Palavras-chave: Audiência de custódia. Direito Brasileiro. Direitos fundamentais. Preso


1 INTRODUÇÃO

O objetivo do presente é analisar o instituto da audiência de custódia no Direito Penal Brasileiro como um direito humano e fundamental constante na própria Constituição e em tratados internacionais os quais o Brasil faz parte. Serão abordados desde o conceito, a previsão normativa, finalidades até a real aplicação do instituto. É importante salientar que vem aumentado a cada dia os debates quanto a eficiência e a necessidade das prisões, uma vez que a população carcerária cresce diariamente e a estrutura prisional do Brasil continua precária.

A pesquisa traz em questão qual o significado, as consequências e os objetivos da prisão no Direito Brasileiro atual, analisando os pontos positivos e negativos da implementação das audiências de custódia. Além disso, será feita uma reflexão acerca do referido instituto ser considerado direito fundamental do preso. Todo o trabalho está voltado para as prisões, suas finalidades e a necessidade de acautelamento estatal.

Atualmente, no Brasil, as condições carcerárias são extremamente precárias e, em muitas das vezes, não garantem o mínimo direito e bem estar do preso.

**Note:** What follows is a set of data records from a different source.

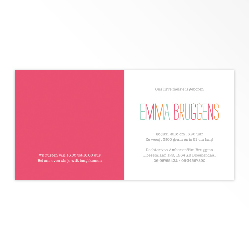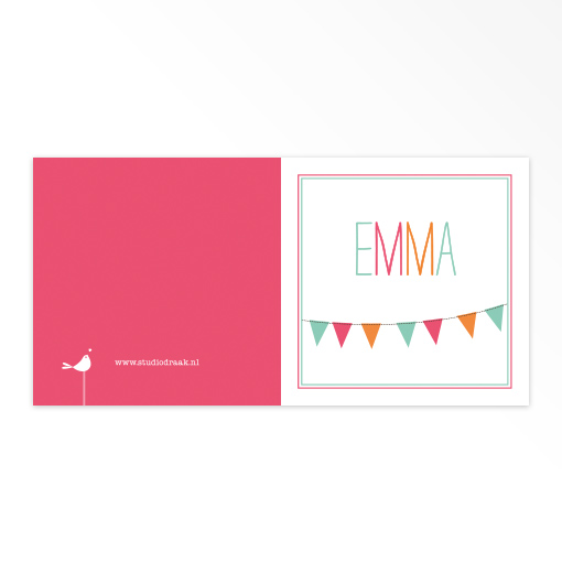 Als een proefkaartje in de smaak valt verzorgen we graag een gepersonaliseerde opmaak waarin we de – voorlopige – gegevens verwerken. Dat voorbeeld versturen we als PDF per e-mail. Zo werken we samen toe naar een fijngeslepen ontwerp, waarin we na de geboorte alleen nog de laatste gegevens hoeven te verwerken. Tegen die tijd sturen we nogmaals een PDF ter controle, waarna we zo snel mogelijk het drukproces opstarten. Onze drukkerij doet altijd z’n uiterste best het drukwerk dezelfde werkdag al verzendklaar te maken, afhankelijk van het moment van aanleveren. Bij vragen helpen we graag: info@studiodraak.nl of kijk eens bij veelgestelde vragen.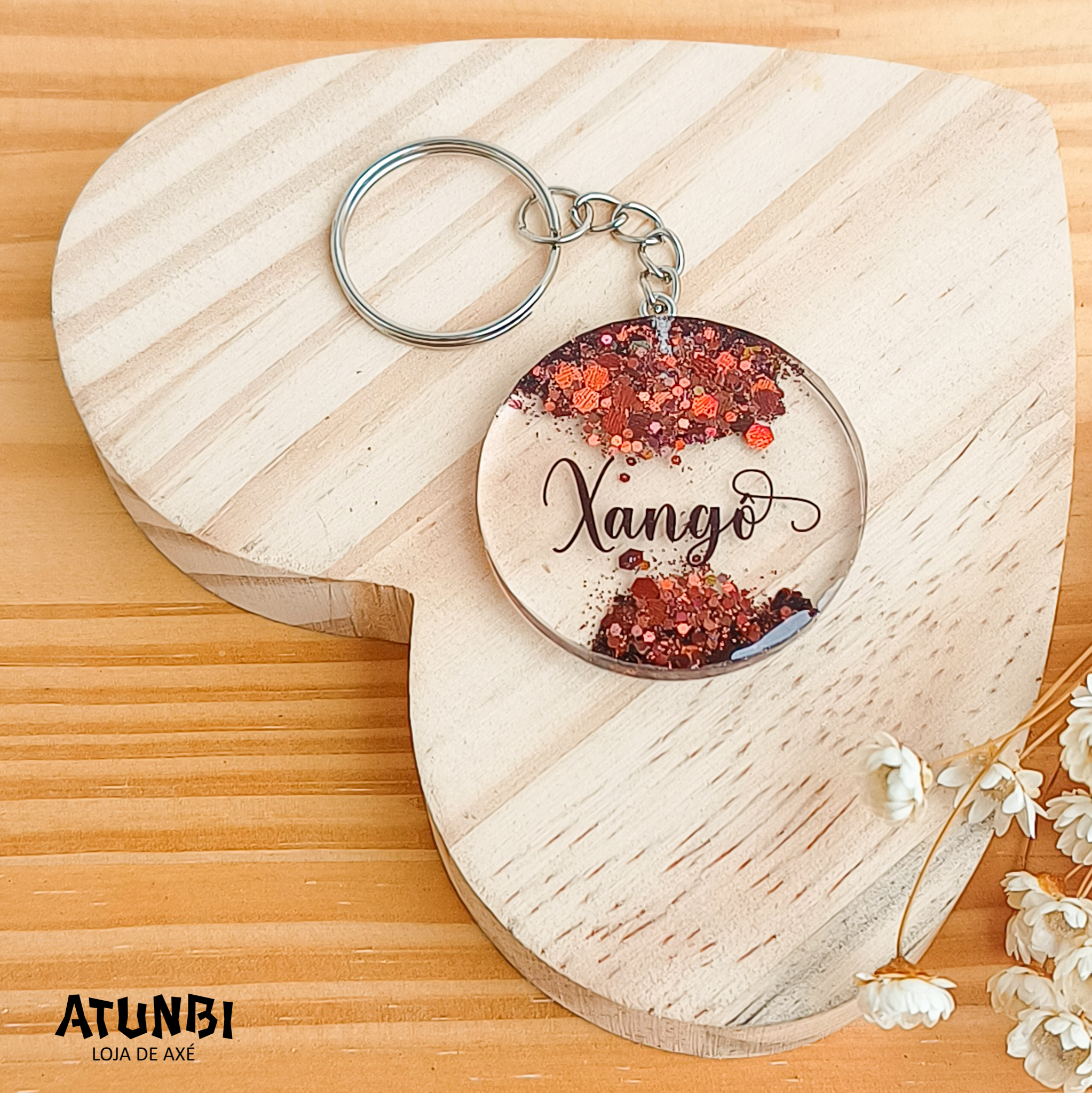 Chaveiro de resina, personalização em glitter e transparência, fechamento com corrente e argola.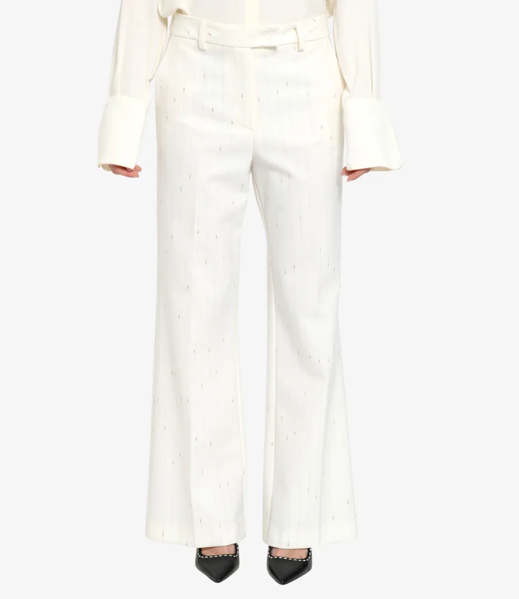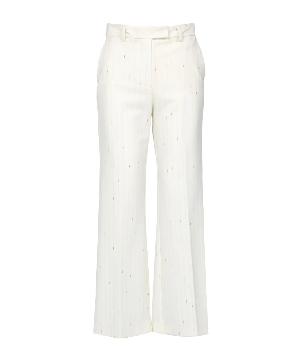 Pantalone Simona Corsellini in misto lana con motivo gessato con dettagli in lurex dorato, vita regolare con passanti, chiusura con gancio coperto zip con patta, tasche alla francese, gamba ampia con piega stirata sul davanti e sul retro,

Não é raro encontrar presídios superlotados, em más condições, sujas e até mesmo com bichos em meio aos presos. E, são por tais circunstâncias que é necessária uma mudança, trazendo uma garantia dos direitos humanos dos presos, a proteção das condições mínimas de encarceramento, do cumprimento da lei de da finalidade da prisão. Assim, a audiência de custódia surgiu para solucionar os problemas prisionais brasileiros.

Porém, a utilização desse instituto no Brasil tem gerado inúmeras discussões e conflitos sobre a sua contribuição para o judiciário e sistema prisional brasileiro. Ao mesmo tempo que a audiência de custódia é considerada como direito fundamental do preso e, por isso, é necessária, tal fato esbarra na falta de estrutura e inviabilidade de aplicação desse instituto no judiciário brasileiro.

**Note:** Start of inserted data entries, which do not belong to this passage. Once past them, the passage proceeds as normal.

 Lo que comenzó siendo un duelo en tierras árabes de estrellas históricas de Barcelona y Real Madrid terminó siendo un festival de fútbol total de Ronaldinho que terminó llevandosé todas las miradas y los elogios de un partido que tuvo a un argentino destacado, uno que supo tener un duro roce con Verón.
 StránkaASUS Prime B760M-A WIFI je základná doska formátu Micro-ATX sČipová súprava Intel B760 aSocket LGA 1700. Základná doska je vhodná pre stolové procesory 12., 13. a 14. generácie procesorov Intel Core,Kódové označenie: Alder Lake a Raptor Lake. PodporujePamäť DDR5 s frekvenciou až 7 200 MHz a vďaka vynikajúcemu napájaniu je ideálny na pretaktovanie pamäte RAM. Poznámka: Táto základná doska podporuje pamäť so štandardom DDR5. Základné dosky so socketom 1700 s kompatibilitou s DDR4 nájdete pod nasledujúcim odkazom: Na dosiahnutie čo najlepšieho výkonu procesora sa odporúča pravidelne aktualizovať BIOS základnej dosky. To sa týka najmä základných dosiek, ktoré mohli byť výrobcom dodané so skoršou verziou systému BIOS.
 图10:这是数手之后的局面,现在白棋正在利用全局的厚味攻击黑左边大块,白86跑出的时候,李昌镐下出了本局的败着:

O sistema judiciário brasileiro carece de normas que regulamentem as audiências de custódia e, principalmente, de recursos que viabilizem a prática. Por esse motivo, muitos doutrinadores têm defendido a não aplicação do instituto com o fundamento na sua desnecessidade, nos poucos benefícios que o seu uso traria e no elevado investimento financeiro que deveria ser feito para possibilitar o trabalho de maneira efetiva.

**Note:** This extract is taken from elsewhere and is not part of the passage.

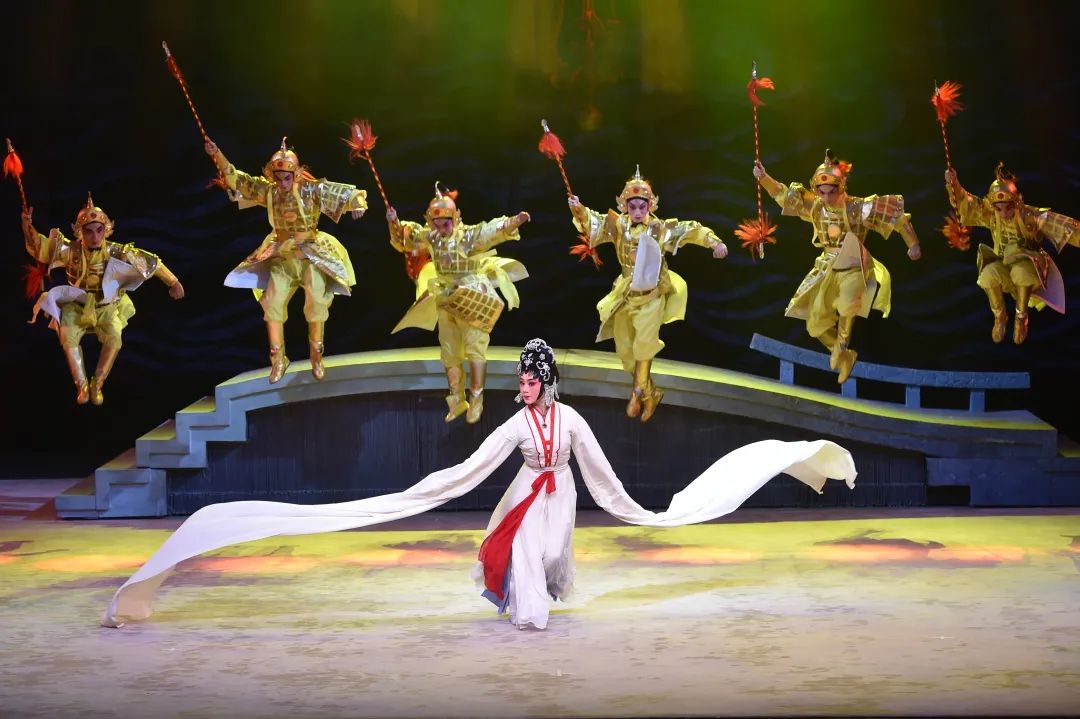 白蛇传的故事相信大众都已耳熟能详。新编粤剧《白蛇传·情》在传统剧目《白蛇传》的基础上进行了创新和发展,选以“情”为主线贯穿全剧,通过匠心独具的艺术手法,给人青春靓丽、浪漫唯美的艺术享受。舞美设计简练立体,充分运用平台空间营造出不同的效果,更贴合现代年轻人的审美需求。白素贞与小青两位女性形象也更符合当下,独立并且敢爱敢恨,“法海”不再是非黑即白的“大反派”,而是懂得普通人的情感。

Essa discussão tem tomado grandes proporções principalmente nos tempos atuais, em que os direitos humanos têm tomado uma certa prioridade e, na medida que vão se internacionalizando, vão se tornando mais fortes e, consequentemente, de cumprimento obrigatório, sempre em busca de uma proteção mais eficiente. Assim, é possível afirmar que tal internacionalização de direitos humanos e, principalmente, da legislação que prevê a existência das audiências de custódia tem contribuído de maneira eficaz para a aplicação do instituto.

Considerando a audiência de custódia um direito humano fundamental, o desrespeito à sua aplicação pode causar uma omissão ou negligência por parte do estado frente a garantia de tais direitos. Ora, sendo o estado considerado garantidor de direitos e, a audiência de custódia um direito fundamental do preso, o estado não poderá desrespeitar as previsões legais, sob pena de desrespeito aos direitos fundamentais e ao seu principal objetivo.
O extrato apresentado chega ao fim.